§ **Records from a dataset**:
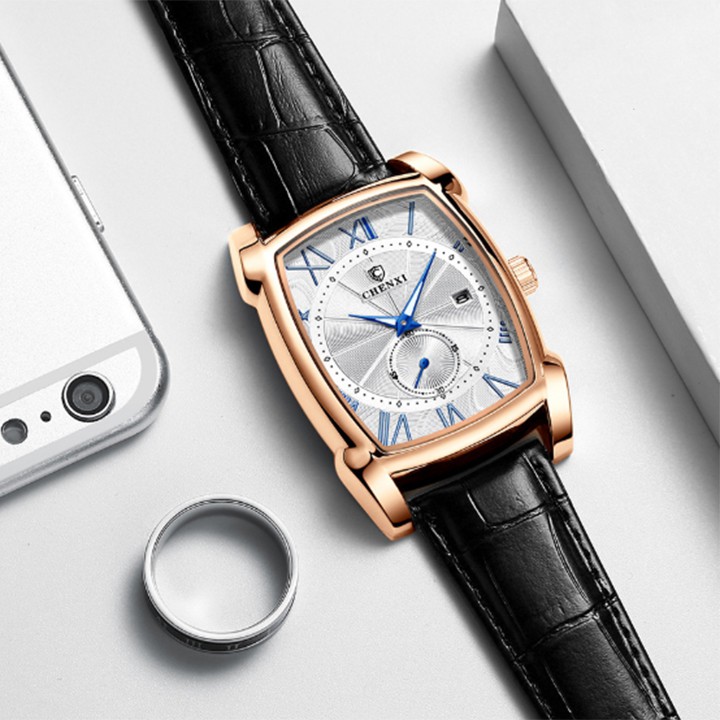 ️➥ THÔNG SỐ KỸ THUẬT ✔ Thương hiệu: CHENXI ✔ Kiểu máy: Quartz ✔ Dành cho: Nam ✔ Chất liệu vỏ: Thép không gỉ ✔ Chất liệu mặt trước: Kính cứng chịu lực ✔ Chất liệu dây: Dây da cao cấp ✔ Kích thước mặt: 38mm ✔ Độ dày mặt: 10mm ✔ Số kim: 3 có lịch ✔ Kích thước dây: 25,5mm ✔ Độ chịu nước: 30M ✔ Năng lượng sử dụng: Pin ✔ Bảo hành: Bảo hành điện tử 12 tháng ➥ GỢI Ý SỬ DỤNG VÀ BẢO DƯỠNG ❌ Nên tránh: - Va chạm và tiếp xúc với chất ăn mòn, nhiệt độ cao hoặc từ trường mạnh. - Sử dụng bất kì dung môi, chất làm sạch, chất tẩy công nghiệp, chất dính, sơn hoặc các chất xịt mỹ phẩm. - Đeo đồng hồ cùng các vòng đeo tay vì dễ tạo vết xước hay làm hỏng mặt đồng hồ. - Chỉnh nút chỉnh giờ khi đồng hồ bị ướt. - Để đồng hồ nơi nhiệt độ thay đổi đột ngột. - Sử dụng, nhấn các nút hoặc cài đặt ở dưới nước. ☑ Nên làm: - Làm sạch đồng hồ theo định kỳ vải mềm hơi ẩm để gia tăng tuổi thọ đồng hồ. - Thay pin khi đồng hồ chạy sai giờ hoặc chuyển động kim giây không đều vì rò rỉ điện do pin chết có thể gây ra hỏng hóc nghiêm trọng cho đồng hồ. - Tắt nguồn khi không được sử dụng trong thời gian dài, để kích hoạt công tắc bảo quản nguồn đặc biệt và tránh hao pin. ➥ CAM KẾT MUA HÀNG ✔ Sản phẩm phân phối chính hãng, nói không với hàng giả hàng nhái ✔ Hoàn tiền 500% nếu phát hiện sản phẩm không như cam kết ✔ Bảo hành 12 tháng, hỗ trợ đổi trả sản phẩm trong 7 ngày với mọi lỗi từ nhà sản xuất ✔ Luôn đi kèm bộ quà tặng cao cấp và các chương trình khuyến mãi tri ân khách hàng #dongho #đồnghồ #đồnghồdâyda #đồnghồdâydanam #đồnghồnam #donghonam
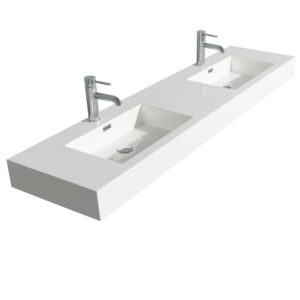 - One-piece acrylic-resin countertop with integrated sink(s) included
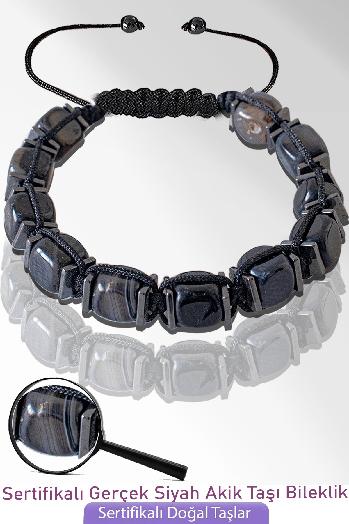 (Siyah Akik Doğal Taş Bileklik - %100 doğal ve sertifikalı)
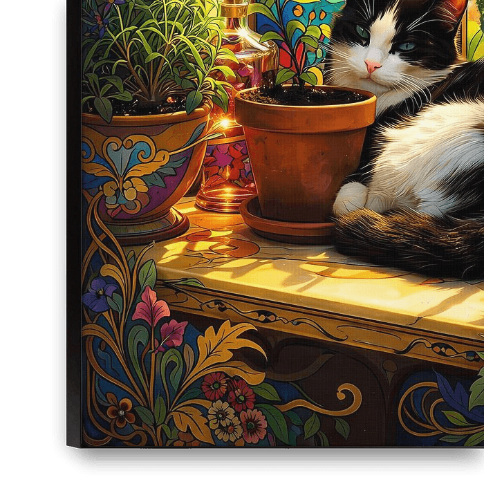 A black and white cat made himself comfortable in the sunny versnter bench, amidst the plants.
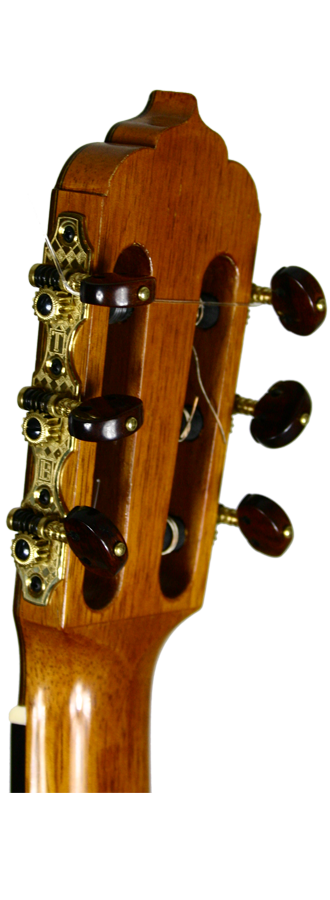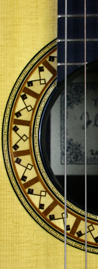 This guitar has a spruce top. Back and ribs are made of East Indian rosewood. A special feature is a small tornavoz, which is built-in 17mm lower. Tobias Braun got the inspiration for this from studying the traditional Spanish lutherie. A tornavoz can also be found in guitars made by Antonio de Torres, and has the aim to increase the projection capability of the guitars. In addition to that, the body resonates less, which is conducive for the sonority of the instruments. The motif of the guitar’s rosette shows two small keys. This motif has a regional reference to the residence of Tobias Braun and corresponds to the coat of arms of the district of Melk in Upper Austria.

§ **Problem statement**:
Omit all pictures, and repeat exactly the lines from the line containing "(Siyah Akik Doğal" through the end of the data.

§ **Response**:
 (Siyah Akik Doğal Taş Bileklik - %100 doğal ve sertifikalı)
 A black and white cat made himself comfortable in the sunny versnter bench, amidst the plants.
 This guitar has a spruce top. Back and ribs are made of East Indian rosewood. A special feature is a small tornavoz, which is built-in 17mm lower. Tobias Braun got the inspiration for this from studying the traditional Spanish lutherie. A tornavoz can also be found in guitars made by Antonio de Torres, and has the aim to increase the projection capability of the guitars. In addition to that, the body resonates less, which is conducive for the sonority of the instruments. The motif of the guitar’s rosette shows two small keys. This motif has a regional reference to the residence of Tobias Braun and corresponds to the coat of arms of the district of Melk in Upper Austria.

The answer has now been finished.